# Work order
Look through the data below for the line with "安东内利获得第四,第五至第十" and the line with "резная икона в", then transcribe exactly from the first through the second, leaving out all pictures.

# Source records
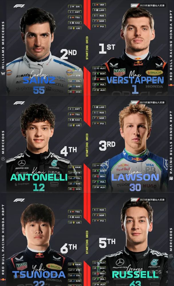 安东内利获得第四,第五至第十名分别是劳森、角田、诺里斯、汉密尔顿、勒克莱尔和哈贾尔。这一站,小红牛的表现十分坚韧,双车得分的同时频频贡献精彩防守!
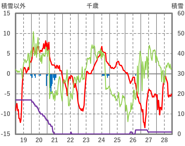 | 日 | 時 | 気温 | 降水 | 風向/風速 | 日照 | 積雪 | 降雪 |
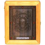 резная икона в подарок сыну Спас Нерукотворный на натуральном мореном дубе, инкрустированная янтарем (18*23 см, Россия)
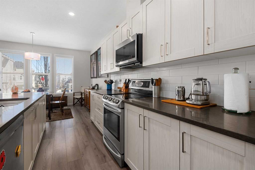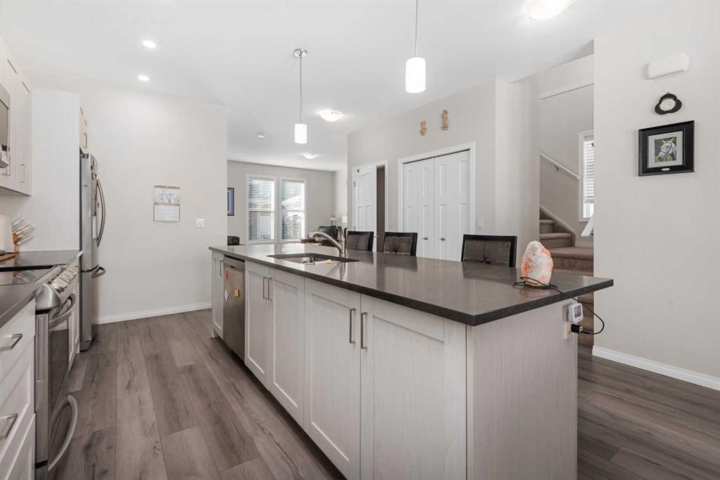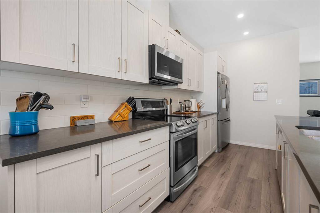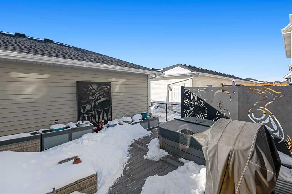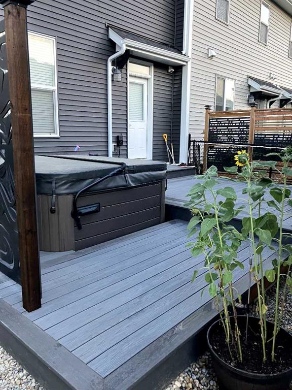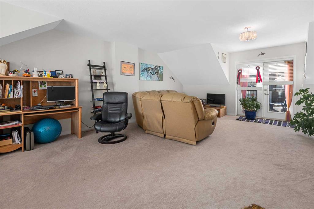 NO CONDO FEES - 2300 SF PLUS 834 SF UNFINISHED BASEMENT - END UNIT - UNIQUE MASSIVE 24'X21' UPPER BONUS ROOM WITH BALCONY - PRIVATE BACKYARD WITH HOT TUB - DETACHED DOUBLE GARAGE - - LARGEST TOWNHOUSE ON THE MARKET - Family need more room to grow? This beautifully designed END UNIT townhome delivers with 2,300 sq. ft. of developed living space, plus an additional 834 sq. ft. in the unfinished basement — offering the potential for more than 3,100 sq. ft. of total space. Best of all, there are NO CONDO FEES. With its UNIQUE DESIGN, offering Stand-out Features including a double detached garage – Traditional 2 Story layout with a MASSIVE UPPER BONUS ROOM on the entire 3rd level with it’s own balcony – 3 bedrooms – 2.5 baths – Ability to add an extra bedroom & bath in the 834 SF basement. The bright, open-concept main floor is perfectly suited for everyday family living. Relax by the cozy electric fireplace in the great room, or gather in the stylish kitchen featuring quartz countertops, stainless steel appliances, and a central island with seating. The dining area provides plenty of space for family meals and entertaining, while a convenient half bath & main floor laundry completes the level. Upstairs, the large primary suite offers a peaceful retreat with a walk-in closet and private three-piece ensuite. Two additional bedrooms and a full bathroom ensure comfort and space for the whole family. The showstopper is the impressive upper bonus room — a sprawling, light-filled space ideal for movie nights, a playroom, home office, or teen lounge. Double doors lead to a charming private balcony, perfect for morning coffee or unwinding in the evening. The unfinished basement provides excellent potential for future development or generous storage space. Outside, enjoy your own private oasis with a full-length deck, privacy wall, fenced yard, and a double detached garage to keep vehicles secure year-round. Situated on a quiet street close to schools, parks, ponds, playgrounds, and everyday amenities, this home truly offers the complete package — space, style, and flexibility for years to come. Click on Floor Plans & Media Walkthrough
==
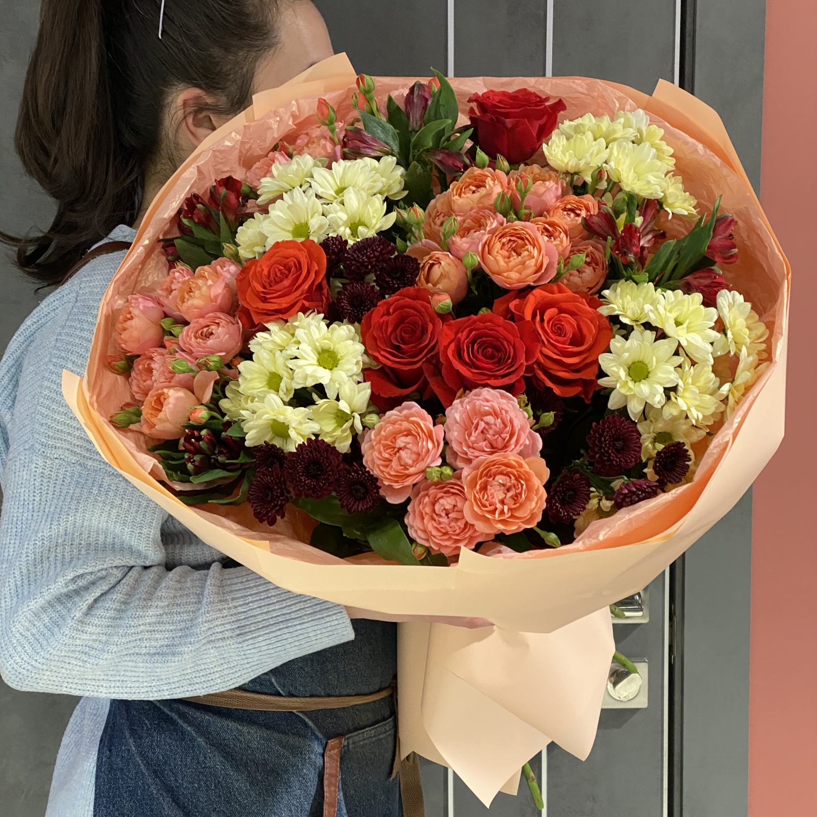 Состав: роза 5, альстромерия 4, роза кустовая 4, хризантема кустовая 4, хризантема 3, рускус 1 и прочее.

# Exercise answer
 安东内利获得第四,第五至第十名分别是劳森、角田、诺里斯、汉密尔顿、勒克莱尔和哈贾尔。这一站,小红牛的表现十分坚韧,双车得分的同时频频贡献精彩防守!
 | 日 | 時 | 気温 | 降水 | 風向/風速 | 日照 | 積雪 | 降雪 |
 резная икона в подарок сыну Спас Нерукотворный на натуральном мореном дубе, инкрустированная янтарем (18*23 см, Россия)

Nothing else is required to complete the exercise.